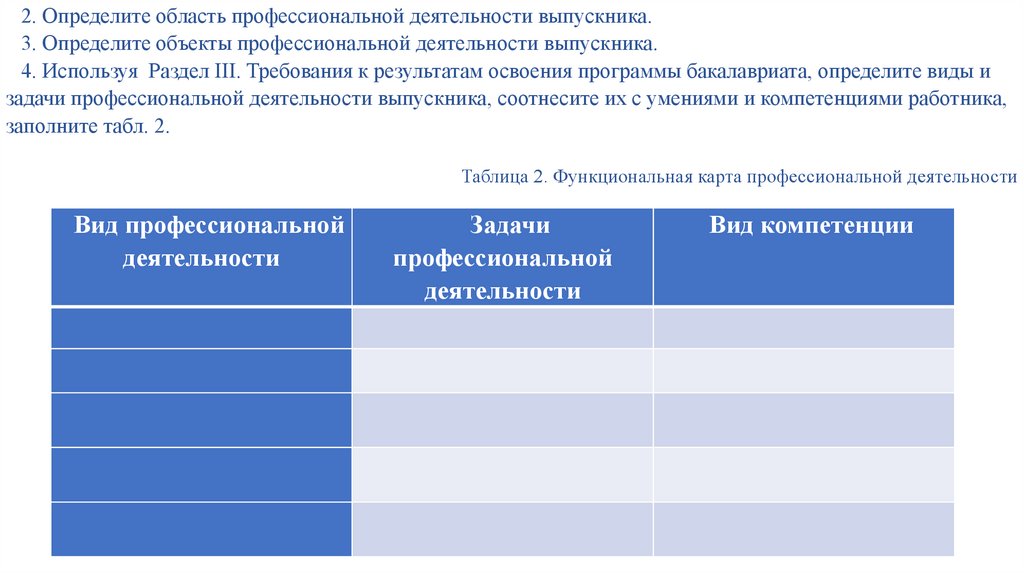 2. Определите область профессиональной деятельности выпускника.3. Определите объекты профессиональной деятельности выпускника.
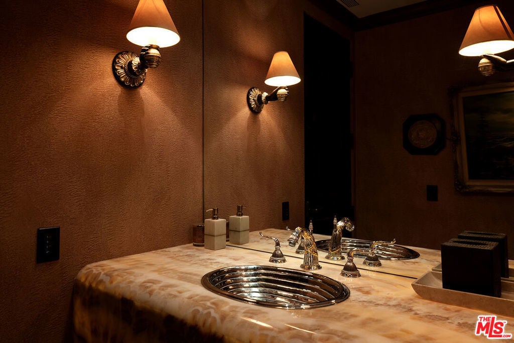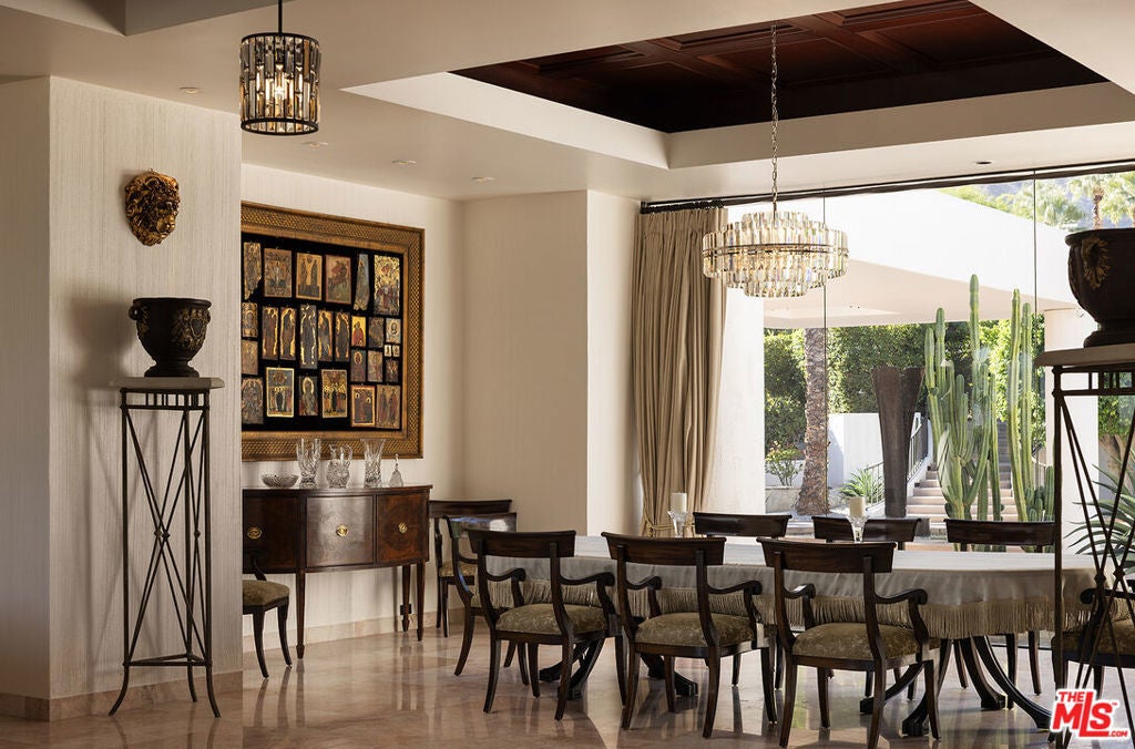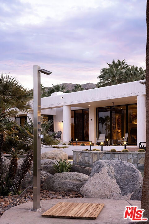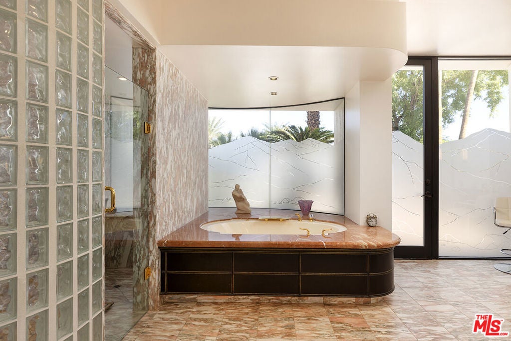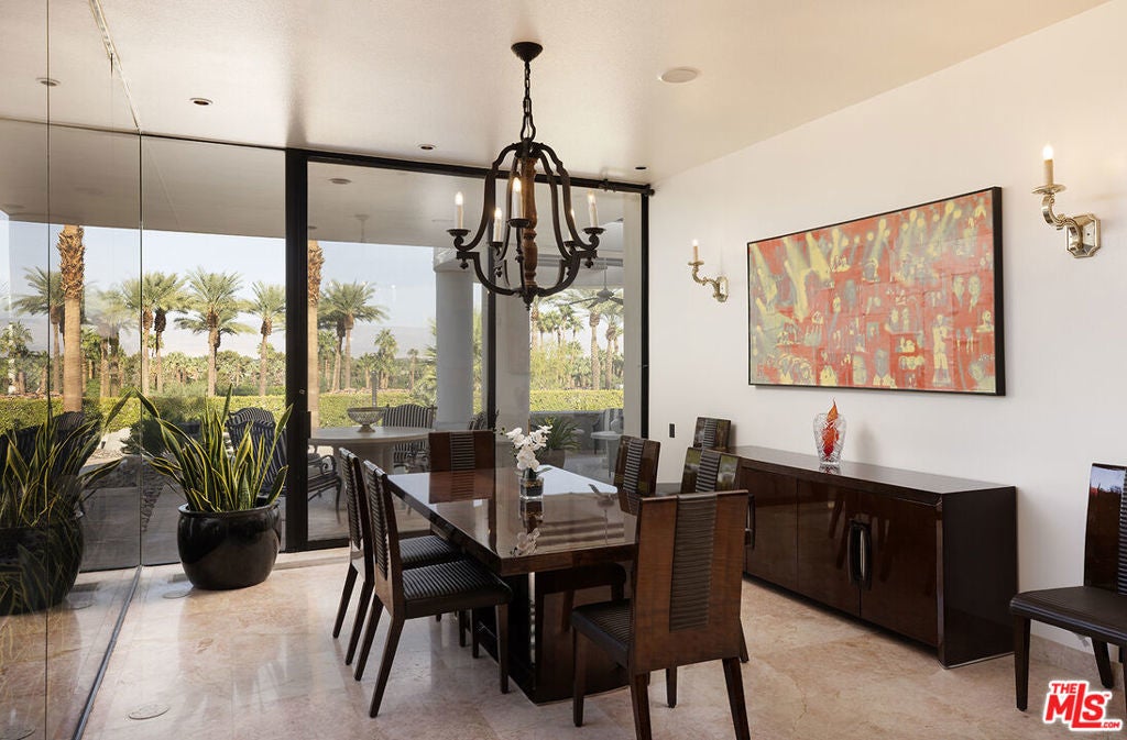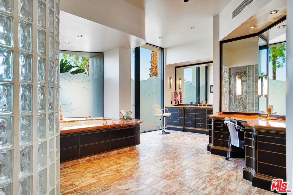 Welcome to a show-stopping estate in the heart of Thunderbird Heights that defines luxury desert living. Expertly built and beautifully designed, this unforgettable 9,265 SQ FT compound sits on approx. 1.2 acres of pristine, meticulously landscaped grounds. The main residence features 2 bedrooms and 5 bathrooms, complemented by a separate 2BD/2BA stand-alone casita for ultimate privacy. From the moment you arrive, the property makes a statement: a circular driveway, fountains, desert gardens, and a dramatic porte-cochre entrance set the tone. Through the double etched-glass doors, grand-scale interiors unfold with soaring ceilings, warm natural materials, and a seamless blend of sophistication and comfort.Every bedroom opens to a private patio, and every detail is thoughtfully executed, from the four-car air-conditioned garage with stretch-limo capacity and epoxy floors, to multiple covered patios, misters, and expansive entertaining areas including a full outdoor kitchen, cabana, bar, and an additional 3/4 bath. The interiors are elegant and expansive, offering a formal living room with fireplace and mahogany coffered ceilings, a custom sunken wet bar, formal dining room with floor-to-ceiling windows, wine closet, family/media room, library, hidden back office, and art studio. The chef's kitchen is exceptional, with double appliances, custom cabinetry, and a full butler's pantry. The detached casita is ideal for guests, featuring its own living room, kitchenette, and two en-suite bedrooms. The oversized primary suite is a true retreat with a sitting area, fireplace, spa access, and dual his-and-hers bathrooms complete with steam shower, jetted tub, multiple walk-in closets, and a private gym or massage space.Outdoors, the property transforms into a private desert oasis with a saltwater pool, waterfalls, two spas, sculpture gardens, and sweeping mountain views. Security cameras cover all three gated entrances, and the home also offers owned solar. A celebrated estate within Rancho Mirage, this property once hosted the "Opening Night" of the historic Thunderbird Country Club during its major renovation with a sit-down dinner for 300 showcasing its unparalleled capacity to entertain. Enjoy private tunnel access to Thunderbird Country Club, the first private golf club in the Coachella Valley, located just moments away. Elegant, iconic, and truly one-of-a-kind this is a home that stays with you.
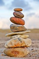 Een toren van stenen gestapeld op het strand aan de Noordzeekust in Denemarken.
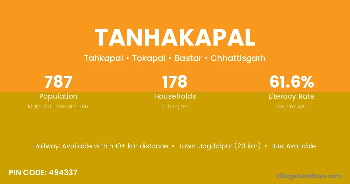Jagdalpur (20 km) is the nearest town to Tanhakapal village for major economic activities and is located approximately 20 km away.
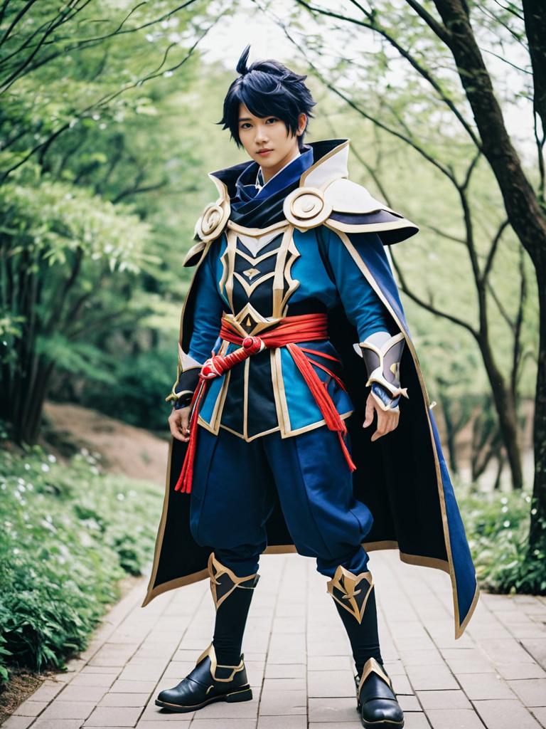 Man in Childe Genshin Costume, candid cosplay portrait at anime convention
◆ ◆ ◆
In the listing above, transcribe exactly the lines from the line containing "Een toren van" through the last one, both included, but not the pictures.

* [OUTPUT BELOW]
 Een toren van stenen gestapeld op het strand aan de Noordzeekust in Denemarken.
Jagdalpur (20 km) is the nearest town to Tanhakapal village for major economic activities and is located approximately 20 km away.
 Man in Childe Genshin Costume, candid cosplay portrait at anime convention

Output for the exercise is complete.